Shared from the 12/7/2018 The Providence Journal eEdition

GENERAL ASSEMBLY

Ex-candidate files complaint over contributions

R.I. Working Families Party and 7 Dem candidates have differences in state filings, he says

PROVIDENCE — One of a half-dozen potential candidates for the General Assembly seat turned down by Bristol Democrat Laufton Ascencao sent a complaint to state elections officials Thursday against the progressive group Ascencao once worked for.

Libertarian William Hunt Jr., who Ascencao beat by 29 percentage points in the November election, told the state Board of Elections he had identified several thousand dollars in discrepancies between the campaign finance filings reported by the Rhode Island Working Families Party and seven Democratic candidates they endorsed.

The complaint listed more than two dozen contributions large and small — some in-kind help, some cash — to and from the Rhode Island Working Families or its political action committee that did not match what the candidates reported.

“The two sides of the ledger don’t match,” Hunt told the Journal.

Although he did not include it in his complaint, Hunt said he was also concerned about who was paying for offices in Providence and Warren that Ascencao shared with like-minded candidates and groups, including Working Families, Energize RI, the Young Democrats of Rhode Island and the Sierra Club.

Working Families state coordinator Georgia Hollister Isman Thursday acknowledged that there appeared to be some bookkeeping errors, but said they appeared small and fixable. She said most of the discrepancies appeared to be the result of different notions of what needed to be reported as a contribution or expenses being reported over different time periods.

Ascencao, 25, relented on Wednesday to a growing chorus calling for him not to be seated in the House in January after he was caught lying to local Town Council candidates about helping them and faking payment documents.

Ascencao’s excommunication from the House Reform Caucus opposed to Speaker Nicholas Mattielo was the final straw leading to his resignation and on Thursday the caucus shrank to 19 members, after Rep. Marcia Ranglin-Vassell tweeted she was bowing out as a formal participant.

Asked why she was leaving the caucus, Ranglin-Vassell, whose 2016 campaign Ascencao managed, told the Journal in an email that the cumulative toll of Ascencao’s departure and a recent injury convinced her to take a step back from the battle over House rules changes, though she still supports them.

Rep. Moira Walsh, whose 2016 campaign Ascencao also managed, tweeted on Thursday that she is “sticking with the caucus, just wishing it hadn’t been implied that we ALL put out that statement” kicking him out.

State law calls for a special election within 90 days to fill seats turned down by an election winner, but on Thursday Secretary of State Nellie Gorbea was still waiting for Ascencao to submit a formal resignation letter before scheduling the vote, spokesman Joe Graziano said.

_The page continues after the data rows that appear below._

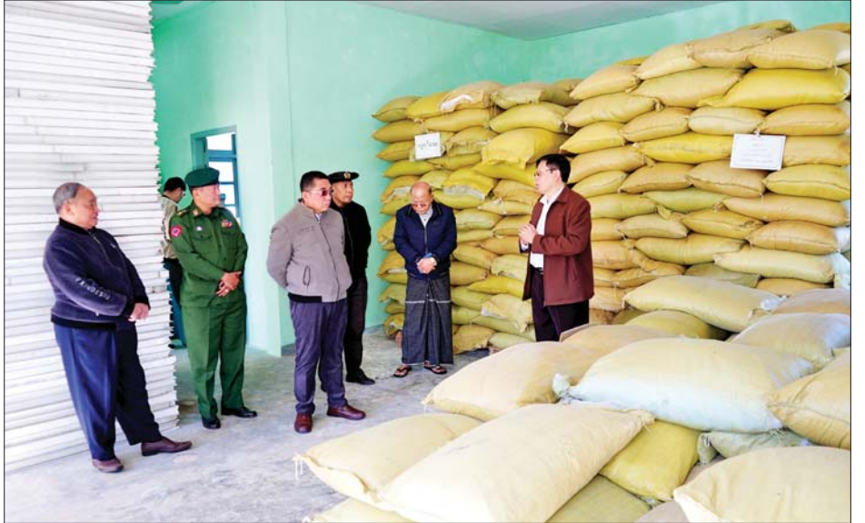
အစီအမံများကို တင်ပြသည်။ ရှင်းလင်းတင်ပြချက်များအပေါ် ပြည်နယ် ဝန်ကြီးချုပ်က လိုအပ်သည်များ ပေါင်းစပ်ညှိနှိုင်း ဆောင်ရွက်ပေးပြီး ချင်းပြည်နယ် စိုက်ပျိုးရေးဦးစီးဌာန ဝန်ထမ်းများအတွက် ပြည်နယ်ဝန်ကြီးချုပ်က ခရစ္စမတ်လက်ဆောင်အဖြစ် ငွေကျပ် ၁၀ သိန်း ပေးအပ်ခဲ့ကြောင်း သိရသည်။ ခရိုင် ( ပြန်/ဆက် )

စိုက်ပျိုးရေးထိခိုက်မှုမရှိဘဲ အချိန်မီစိုက်ပျိုးနိုင်ရေးအတွက် စပါးမျိုးစုံ၊ အစေ့ထုတ်ပြောင်း စသည်မျိုးစေ့များ စုဆောင်းထားရှိမှုအခြေအနေ လာမည့် ၂၀၂၄-၂၀၂၅ ခုနှစ် မိုးရာသီတွင် စိုက်ပျိုးမည့် နှစ်ရှည်ပင်များဖြစ်သော ဝဥ၊ စပျစ်၊ လိမ္မော်၊ ထောပတ်၊ ကော်ဖီပင်များ ပျိုးထောင်ထားရှိမှုအခြေအနေ၊ ချင်းပြည်နယ်အတွင်း ရွှေ့ပြောင်းတောင်ယာစနစ် ပပျောက်ရေးအတွက် ခေတ်မီတောင်စောင်းစနစ် စိုက်ပျိုးထားရှိမှုအခြေအနေ၊ ၂၀၂၁-၂၀၂၂ ခုနှစ်မှ စတင်၍ ချင်းပြည်နယ် စိုက်ပျိုးရေးဦးစီးဌာနနှင့် စိုက်ပျိုးရေးသုတေသနဦးစီးဌာနတို့ ပူးပေါင်း၍ စပါး၊ ဂျုံ၊ အစေ့ထုတ်ပြောင်း၊ လူး၊ ဆပ်၊ ပဲပုပ်၊ ပဲလွမ်းစသည့် သီးနှံမျိုးများ ဒေသနှင့် ကိုက်ညီမှုရှိ မရှိ စမ်းသပ် စိုက်ပျိုးထားရှိမှုအခြေအနေများကို လိုက်လံရှင်းလင်း ပြသပြီး ဆက်လက်အကောင်အထည်ဖော်လိုသည့်
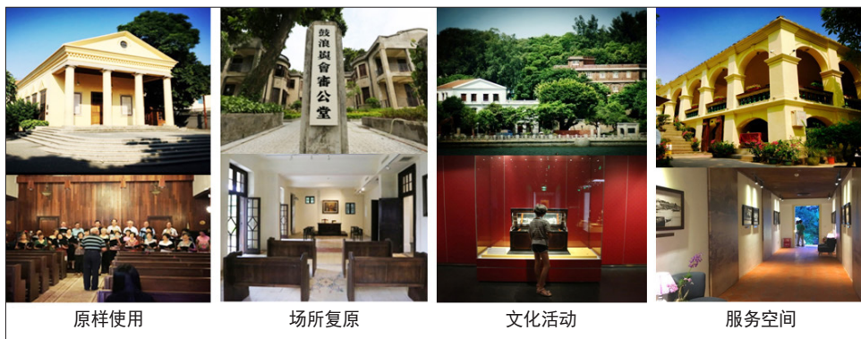
图5 历史建筑活化利用的4种方式

日上岛的游客人数不超过4万。同时,政府有关部门积极推行社区(旅游区)垃圾减量、分类和不落地等文明措施,采用旅行团无声导览方式,规定沿街店家不得高声叫卖,有效地解决了噪音扰民问题,并通过细化餐饮业的经营管理,严格限制可能产生油烟的餐饮业态,极大地改善了社区环境氛围。
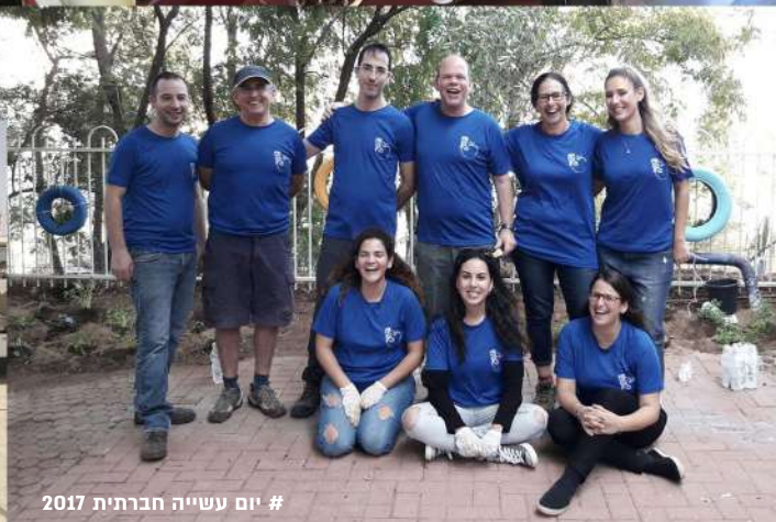
# יום עשייה חברתית 2017

In addition to Hunt, the current list of candidates who have said they intend to run in District 68 Thursday includes Warren Town Council President Joseph DePasquale, an independent, and Bristol Town Council member Timothy Sweeney, a Democrat.

Bristol Town Council member Andrew Tyska, who lost to Ascencao in the Democratic primary, said Wednesday night he is interested in running again. Roger Williams University political science professor June Speakman, a Democrat and one of the Warren Town Council candidates Ascencao lied to, said she is “seriously considering it.”

And incumbent Rep. Ken Marshall, D-Bristol, who did not seek reelection, said Thursday he is also mulling jumping back in.